SAN FRANCISCO -- Top officials in the Department of Health and Human Services privately were pleading for more federal funds to conduct AIDS research while publicly saying no more money was needed to probe the mysterious disease, it was reported today.
The San Francisco Chronicle, reporting from documents obtained under the Freedom of Information Act, said federal health officials warned last spring that important AIDS research was shelved because of the lack of federal money.
To maintain a minimum level of AIDS research, the Chronicle said the documents showed the Centers for Disease Control in Atlanta diverted millions of dollars from other important health projects because funds for AIDS were unavailable.
Critics have maintained the federal government moved slowly at the outbreak of Acquired Immune Deficiency Syndrome, although Reagan administration officials insisted federal health agencies were given adequade funds.
AIDS is believed to be triggered by an unknown infectious agent which researchers think is a virus that spreads through sexual contact and blood or blood products.
The Chronicle said a review of the internal memos shows that the rapid proliferation of AIDS left federal health agencies delaying key AIDS research and scrambling for money.

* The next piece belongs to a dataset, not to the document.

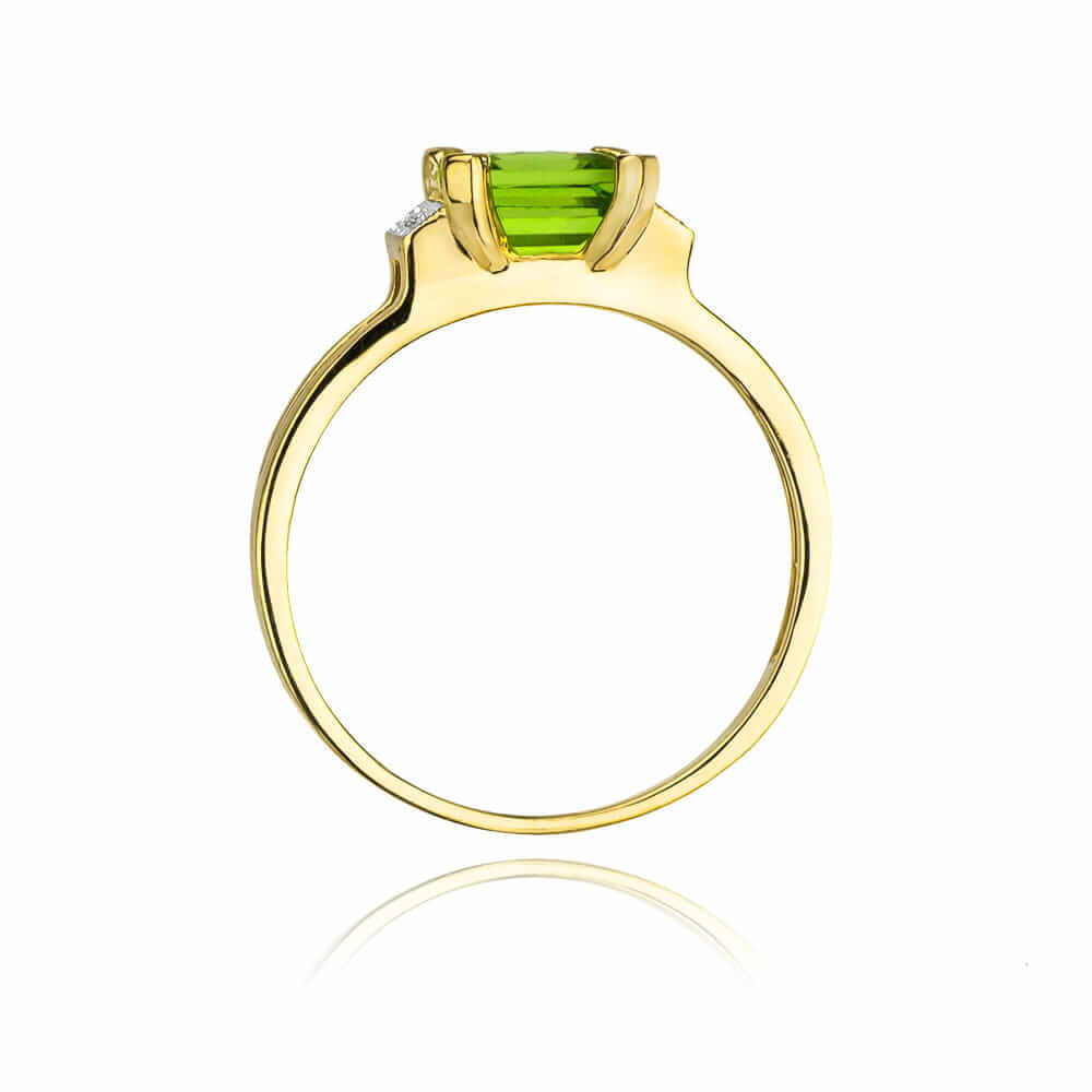 Verlobungsring aus Gold mit großem Olivin 1,10 ct und Diamanten 0,03 ct

'It has now reached the point where important AIDS work cannot be undertaken because of the lack of available resources,' wrote Edward Brandt, assistant secretary of the Department of Health and Human Services, in a May 13 memo to the department's assistant secretary for management and budget.
In that memo, Brandt also lists a number of important health areas other than AIDS in which work was 'postponed, delayed or severely curtailed' because the center was diverting money to AIDS research from other federal health programs.
These included studies on hepatitis, influenza among the elderly, rabies and the restocking of important laboratory supplies.
But the Chronicle said Brandt also publicly supported the administration position just days before, testifying May 9 that extra funds to fight AIDS were 'unnecessary.'
Dr. William Foege of the Centers of Disease Control sent Brandt a 12-page request for funds in early May, but two weeks later, Thomas Donnelly, assistant health and human services secretary for legislation, wrote a Senate staff member that 'we are not in favor of additional appropriations' for AIDS research.
Over administration objections, the House passed $12 million in additional AIDS funds for the 1982-83 fiscal year, and $42 million for the 1983-84 fiscal year.
Dr. James Curran, director of AIDS research at the Atlanta center, said Oct. 20, 1983, that despite increases in the number of people suffering from AIDS, the affliction had not spread to new population groups.
He said 2,513 cases had been reported to the CDC as of Oct. 17, 1983, and 1,048 people had died, a fatality rate of 41 percent.